New company helps O&P product developers test and market devices

ark Ford, formerly head of the O&P company Catdaddy Consulting, has expanded his team, developed more services, and created a new firm: NuTech Synergies. NuTech focuses on helping innovators get their new ideas and technologies into the hands of O&P clinicians to improve patient care. Ford’s background includes years of working at WillowWood, Touch Bionics, and OPIE Software, as well as helping to lead a multilocation patient-care facility in New York. That varied experience helped him find a business niche and a path in his new career. “It became clear to me that early-stage product and technology development companies all need similar things and face similar pressures. They are doing a great job of solving very specific patient needs in orthotics or prosthetics, but they lack the resources to test and market their devices,” he says. “The NuTech team’s job is to help them take these innovative ideas and turn them into successful products that can help lots of patients.” Smaller innovators may have trouble affording a testing venue, marketing expertise, regulatory guidance, and a sales force—all critical elements in successfully launching a new product, notes Ford. NuTech offers a team of 11 experts, including clinicians, salespeople, practice managers, and reimbursement experts. NuTech recently opened a research facility in Indianapolis, along with a small patient-care facility, where innovators have access to a pool of patients and can share the costs of testing their new ideas. “We opened the clinic in September and already have more than 30 patients who are interested in trying new things,” says Ford. “We also conduct clinical research with academic institutions. We supply the clinicians and the patients, and we follow the university’s protocols. The universities analyze the data, and together we can present on these new technologies and patient-care concepts.” NuTech is working with several technology partners, including Amparo Prosthetics and a UK company called 2PD Ltd. It is also working with Nabtesco, an established Japanese firm that is

working to increase awareness of its unique prosthetic knees. The company’s strategy is based around working with technology partners who have noncompetitive products. Says Ford, “With our approach, our tech partners can cooperate and even collaborate with one another while sharing costs. In one situation, we have three of our tech partners all included in the same research study. They each bring a different element to our understanding of patients and gathering quantitative data.” NuTech seeks out O&P facilities to try new devices and integrate them into their practices. “We know a number of facilities who are serious about being innovative leaders in their markets and are willing to take the time and effort to master new technologies,” explains Ford. “A core group of early-adopter practices can learn about these new technologies, try them with an open mind, and provide consistent feedback.” As technology continues to advance, NuTech sees its larger role as finding ways to quantify the effects of orthotic and prosthetic solutions. “We need to go beyond a description of what we provide and show that our services and technologies improve the daily lives of the patients we serve,” Ford says. “The O&P community is treated like durable medical equipment providers because we don’t have enough data to prove how we are medical professionals. That’s where the field has to evolve.” Ford believes that O&P must create protocols for what it does, defining the steps and processes of patient care, and how new technologies fit into patient-care protocols. “Proving new ideas has historically been the space for the larger companies in our profession, but we need to find ways to allow a wider range of companies to be successful in developing new solutions for our patients,” he says. “Our goal at NuTech is to create a systematic approach to nurturing younger companies’ ideas, helping them to quantify the value of their technologies and to bring their innovations to market.” Deborah Conn is a contributing writer to O&P Almanac. Reach her at deborahconn@verizon.net.

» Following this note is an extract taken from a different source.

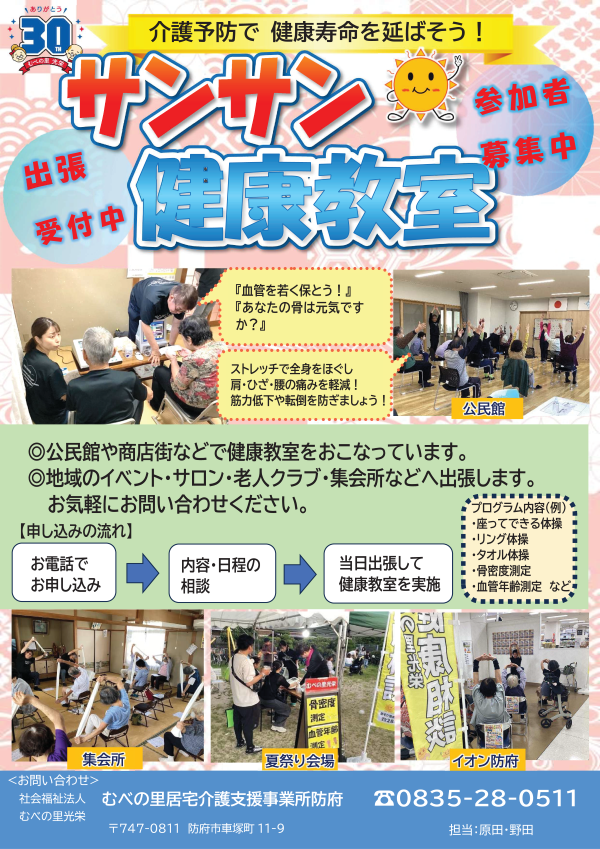 むべの里居宅介護支援事業所 防府では、毎回ご好評いただいている『サンサン健康教室』を開催しております。

PHOTO CREDITS: NUTECH SYNERGIES


AOPA News

SEPTEMBER 12-15, 2024 | CHARLOTTE, NC

Save the Date

AOPA Policy Forum Join AOPA in Washington, DC, to advocate for the profession April 15 and 16 | Washington Marriott Capitol Hill Washington, DC Join forces with other O&P professionals to advocate on behalf of the profession—and your patients! The Policy Forum is your opportunity to learn about the latest legislative and regulatory issues and how they will affect you, your business, and your patients. Don’t miss this chance to educate members of Congress about the importance of O&P care for patients living with limb loss/difference and limb impairment. Visit the AOPA website for details.

AOPA Quick Coder Available Now! Purchase the newly published 2024 AOPA Quick Coder to stay current on O&P coding. A speedy reference to the HCPCS codes for all orthotic, shoe, and prosthetic codes and modifiers, the Quick Coder also provides references for inpatient billing and off-the-shelf vs. custom-fit coding. Changes to the codes are now being made on a biannual basis. If a change is made during the year and you have purchased the Quick Coder, AOPA will notify you. This will ensure your Quick Coder remains up to date throughout the year. The cost is $30 for members and $80 for nonmembers. Visit My AOPA Connection or the AOPA website to purchase. Contact info@aopanet.org with any questions.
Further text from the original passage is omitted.